* _Data records_
------------------------------------

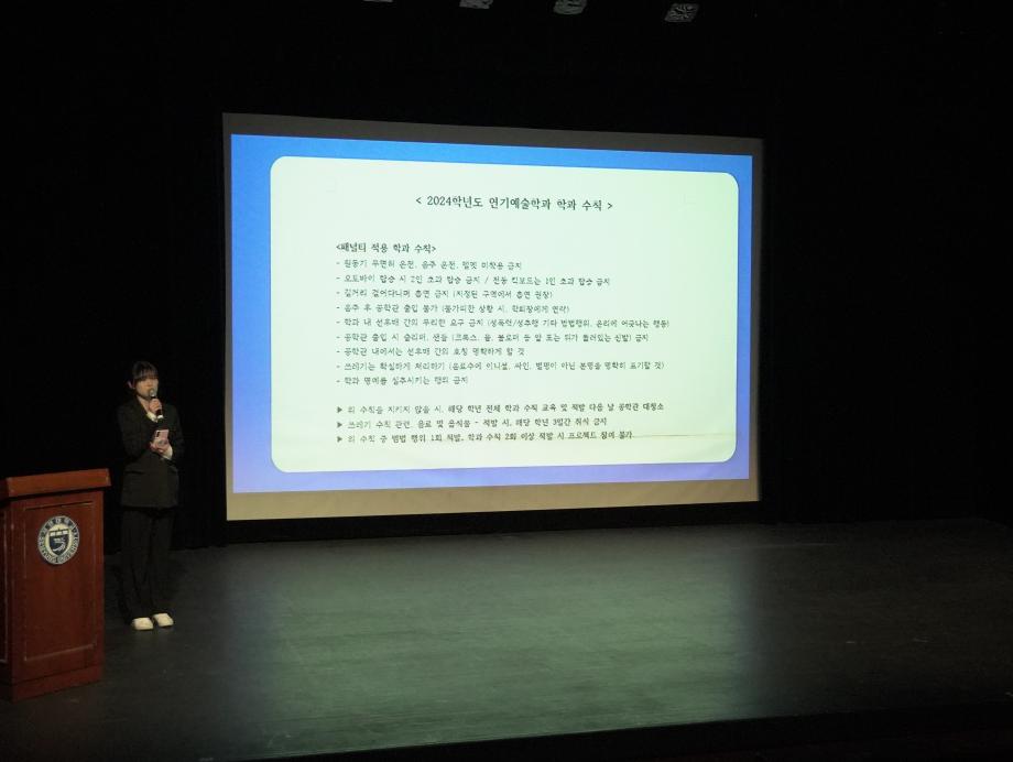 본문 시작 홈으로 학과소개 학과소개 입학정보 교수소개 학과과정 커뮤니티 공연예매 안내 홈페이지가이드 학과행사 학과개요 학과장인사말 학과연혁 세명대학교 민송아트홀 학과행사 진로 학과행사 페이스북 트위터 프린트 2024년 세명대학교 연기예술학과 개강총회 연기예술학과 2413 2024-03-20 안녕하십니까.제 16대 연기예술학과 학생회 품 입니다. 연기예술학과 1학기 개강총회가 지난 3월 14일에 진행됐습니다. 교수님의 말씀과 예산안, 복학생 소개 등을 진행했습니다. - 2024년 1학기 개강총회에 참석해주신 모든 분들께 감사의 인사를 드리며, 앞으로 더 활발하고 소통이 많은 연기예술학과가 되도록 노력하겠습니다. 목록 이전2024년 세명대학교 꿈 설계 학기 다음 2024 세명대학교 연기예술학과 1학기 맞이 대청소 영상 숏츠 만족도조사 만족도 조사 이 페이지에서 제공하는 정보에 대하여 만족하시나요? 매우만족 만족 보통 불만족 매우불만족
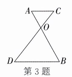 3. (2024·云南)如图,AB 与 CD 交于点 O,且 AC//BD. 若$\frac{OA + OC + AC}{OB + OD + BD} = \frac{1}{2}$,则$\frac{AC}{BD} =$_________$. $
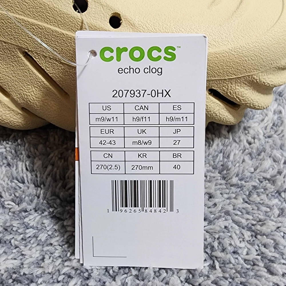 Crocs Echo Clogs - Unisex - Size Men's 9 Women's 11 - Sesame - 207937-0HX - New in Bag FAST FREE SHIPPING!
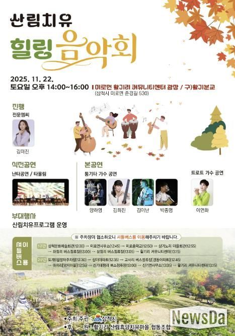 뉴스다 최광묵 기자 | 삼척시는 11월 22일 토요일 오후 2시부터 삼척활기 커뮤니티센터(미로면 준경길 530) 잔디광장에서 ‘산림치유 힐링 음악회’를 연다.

------------------------------------

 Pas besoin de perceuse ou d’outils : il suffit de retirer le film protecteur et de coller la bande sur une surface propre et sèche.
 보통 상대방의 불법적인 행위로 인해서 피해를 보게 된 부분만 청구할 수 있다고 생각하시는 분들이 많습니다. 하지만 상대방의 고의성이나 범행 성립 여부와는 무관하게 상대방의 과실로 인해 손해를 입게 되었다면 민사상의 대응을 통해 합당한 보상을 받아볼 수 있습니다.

------------------------------------

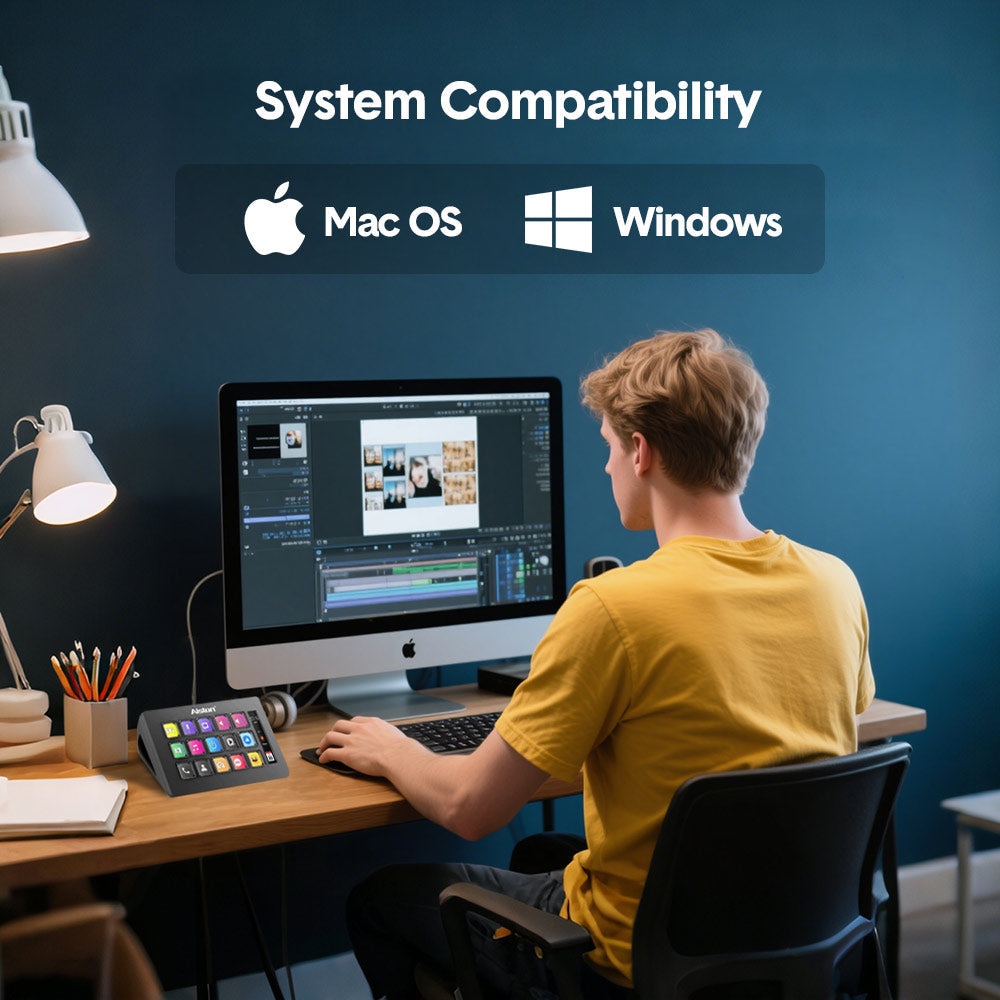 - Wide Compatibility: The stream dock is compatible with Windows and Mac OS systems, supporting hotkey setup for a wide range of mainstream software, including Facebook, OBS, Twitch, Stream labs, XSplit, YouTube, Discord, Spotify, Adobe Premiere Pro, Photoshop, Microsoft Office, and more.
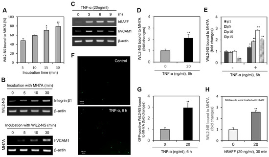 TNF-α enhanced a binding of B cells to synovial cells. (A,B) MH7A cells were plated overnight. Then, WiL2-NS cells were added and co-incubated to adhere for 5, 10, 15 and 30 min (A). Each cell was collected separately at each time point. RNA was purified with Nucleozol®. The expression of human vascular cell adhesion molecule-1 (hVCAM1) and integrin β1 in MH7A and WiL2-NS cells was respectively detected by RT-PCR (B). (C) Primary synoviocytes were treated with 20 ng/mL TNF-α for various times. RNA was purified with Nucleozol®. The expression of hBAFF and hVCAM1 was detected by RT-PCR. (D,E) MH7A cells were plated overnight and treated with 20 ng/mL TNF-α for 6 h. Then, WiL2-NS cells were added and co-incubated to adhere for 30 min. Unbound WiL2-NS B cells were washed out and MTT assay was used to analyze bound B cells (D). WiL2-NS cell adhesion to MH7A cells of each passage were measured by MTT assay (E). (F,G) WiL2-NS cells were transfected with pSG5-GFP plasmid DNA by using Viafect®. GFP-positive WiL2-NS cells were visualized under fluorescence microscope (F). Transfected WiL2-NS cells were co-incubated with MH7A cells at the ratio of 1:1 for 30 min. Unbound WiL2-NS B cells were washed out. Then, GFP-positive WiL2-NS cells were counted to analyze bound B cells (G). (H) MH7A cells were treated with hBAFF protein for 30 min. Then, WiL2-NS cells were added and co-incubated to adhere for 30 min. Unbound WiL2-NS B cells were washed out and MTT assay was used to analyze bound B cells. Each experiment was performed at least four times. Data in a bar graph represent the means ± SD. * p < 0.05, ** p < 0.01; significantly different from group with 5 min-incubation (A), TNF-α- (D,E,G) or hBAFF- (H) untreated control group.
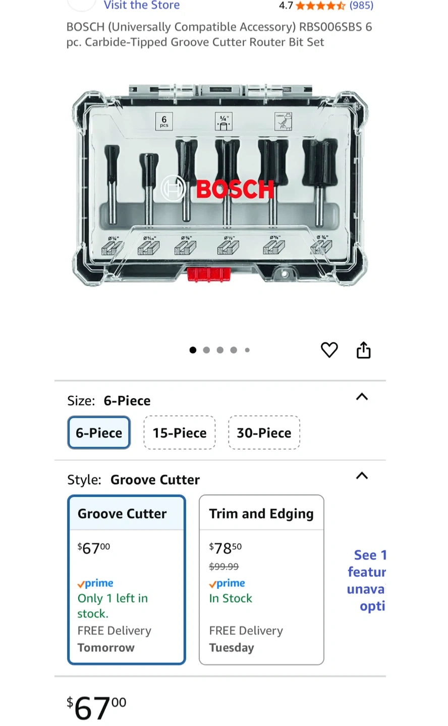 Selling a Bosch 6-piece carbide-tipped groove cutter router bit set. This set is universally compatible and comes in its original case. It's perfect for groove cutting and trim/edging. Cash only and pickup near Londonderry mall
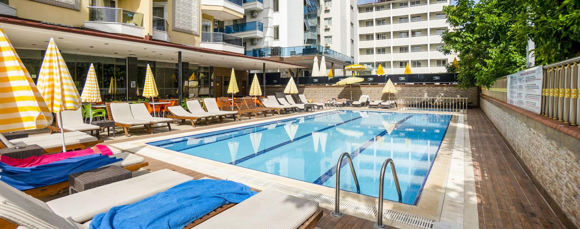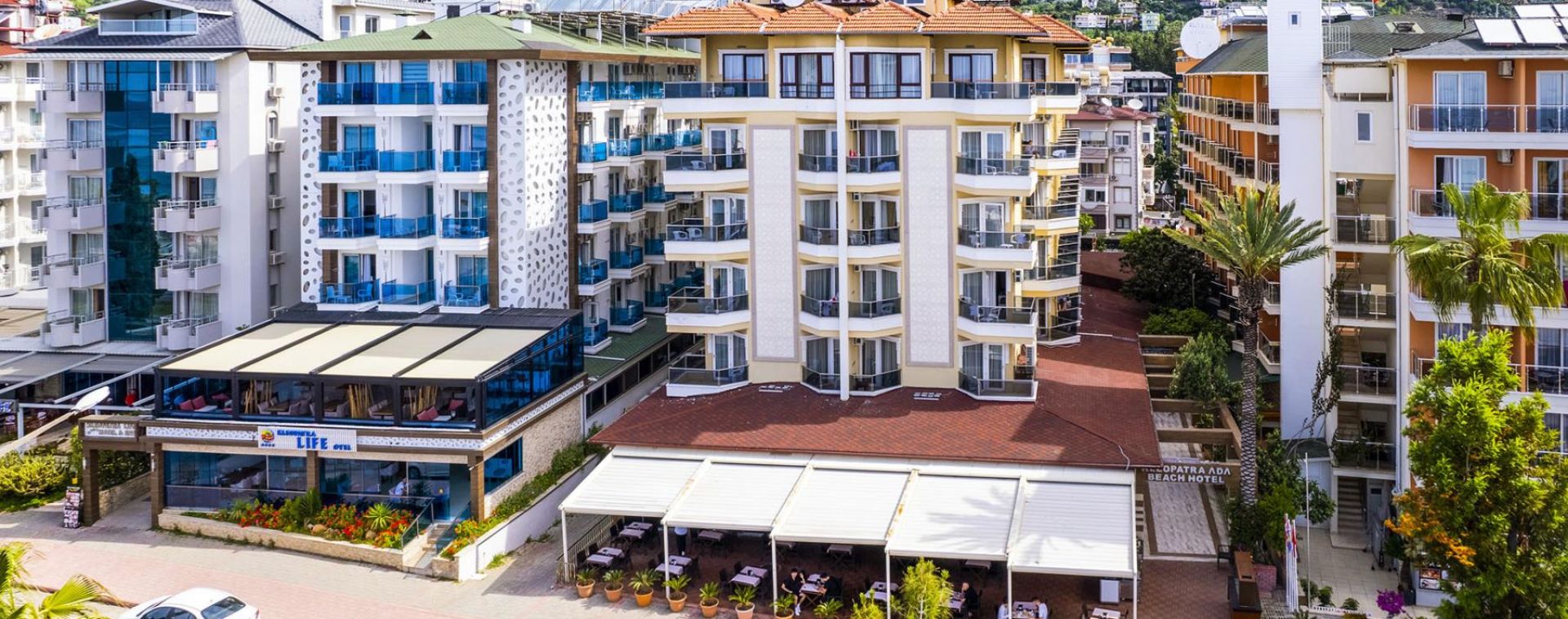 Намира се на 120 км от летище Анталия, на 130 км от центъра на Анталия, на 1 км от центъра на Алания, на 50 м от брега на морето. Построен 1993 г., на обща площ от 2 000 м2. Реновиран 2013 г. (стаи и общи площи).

------------------------------------

* _Work required_
In the entries above, find the line containing "3. (2024·云南)如图,AB 与" and the line containing "뉴스다 최광묵 기자 |"; give again exactly those two lines and every line between them, minus the pictures.

* _Answer space_
 3. (2024·云南)如图,AB 与 CD 交于点 O,且 AC//BD. 若$\frac{OA + OC + AC}{OB + OD + BD} = \frac{1}{2}$,则$\frac{AC}{BD} =$_________$. $
 Crocs Echo Clogs - Unisex - Size Men's 9 Women's 11 - Sesame - 207937-0HX - New in Bag FAST FREE SHIPPING!
 뉴스다 최광묵 기자 | 삼척시는 11월 22일 토요일 오후 2시부터 삼척활기 커뮤니티센터(미로면 준경길 530) 잔디광장에서 ‘산림치유 힐링 음악회’를 연다.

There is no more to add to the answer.